Trump Gutted the CDC and Now There’s One Person Left to Handle a Rabies Crisis

The agency that catches outbreaks before they start is running on fumes.

Welp. The CDC just stopped testing for rabies. Not because rabies is gone. Because there’s barely anyone left who knows how to do it.

On March 30, 2026, the CDC quietly updated its infectious disease test directory and pulled rabies and poxvirus testing from the list of services it provides to state and local health departments. The agency’s explanation, delivered by a government spokesman, was that this is “a routine review to uphold our commitment to high-quality laboratory testing.”

That is the kind of sentence that is technically words in an order.

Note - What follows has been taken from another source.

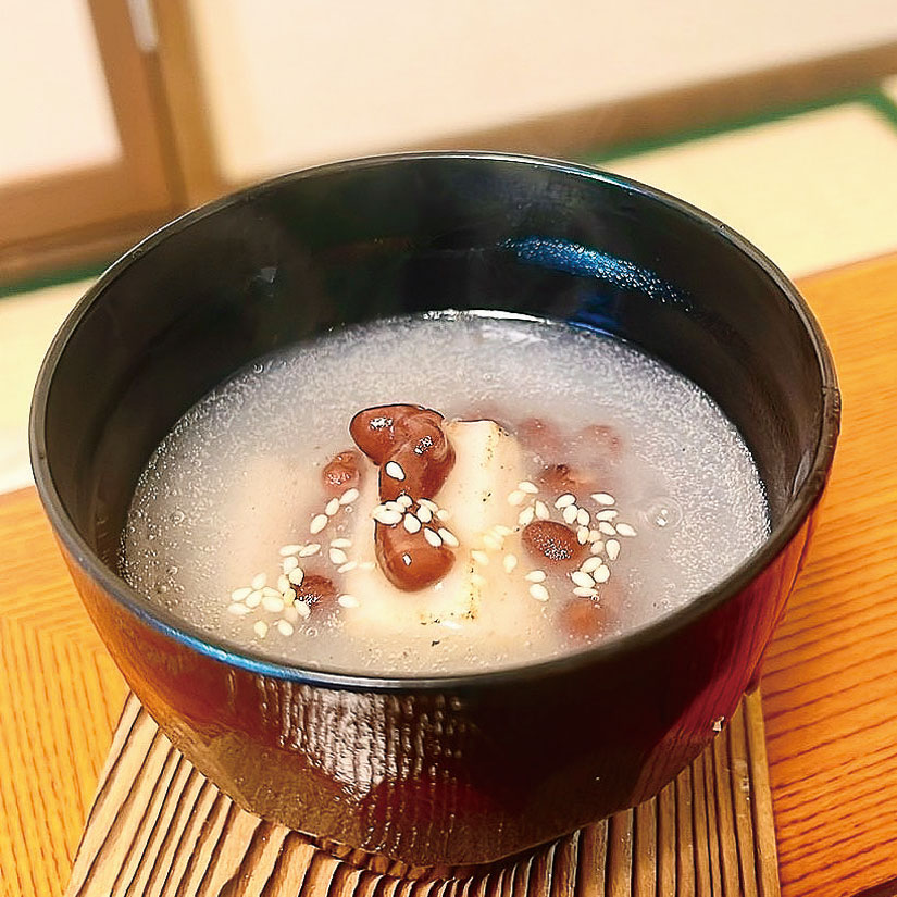 冬期(12月~2月)限定、そば湯を使ったやさしい味わいの「そばしるこ」(250円)。

What actually happened is this: the Trump administration spent all of 2025 firing people at the CDC – through layoffs, hiring freezes, and the kind of mass resignation that happens when you make it clear scientists aren’t welcome. Overall staffing fell somewhere between 20 and 25 percent. The poxvirus and rabies labs specifically lost about half their people. By July, according to internal documents obtained by the New York Times, the rabies team will be down to a single clinician-advisor. The pox team will have nobody.

Nobody.

That single remaining rabies person won’t even be able to staff after-hours calls – the round-the-clock advisory support the CDC has long provided to states trying to figure out if someone who got bit by a bat last Tuesday needs treatment. Because rabies is nearly 100% fatal once symptoms start, but almost entirely preventable if you catch it in time.

The entire system depends on fast answers. About 60,000 Americans get treated for potential exposure every year. The testing infrastructure is what makes those decisions possible.

And the CDC is the only U.S. reference laboratory for rabies diagnosis. That’s not a redundancy issue – that’s just what’s true. Some large state labs in New York and California can pick up some of the slack, but most states can’t, and for the ones that can’t, the answer is now “try a commercial lab and hope.”

Meanwhile, the agency has been without a permanent director since August 2025, when Susan Monarez was removed. The acting director right now is Jay Bhattacharya, who is also simultaneously running the National Institutes of Health, which is located hundreds of miles away from CDC headquarters in Atlanta. The proposed FY2026 budget would cut CDC funding by 42 percent.

The administration’s position is that the testing pause is temporary. They’re also proposing to cut almost half the agency’s budget, so I’d love to know what “temporary” means on their timeline.

The US is coming up on the 2026 World Cup, which is being hosted partly in the United States. Hundreds of thousands of international visitors. The kind of event where public health surveillance actually matters. The CDC’s infectious disease testing infrastructure – the one that catches the thing before it becomes the thing – is running on fumes, with a one-person rabies team and a pox team of zero.

If a bat bites someone in Montana and the local health department needs a 2 a.m. consult, good luck.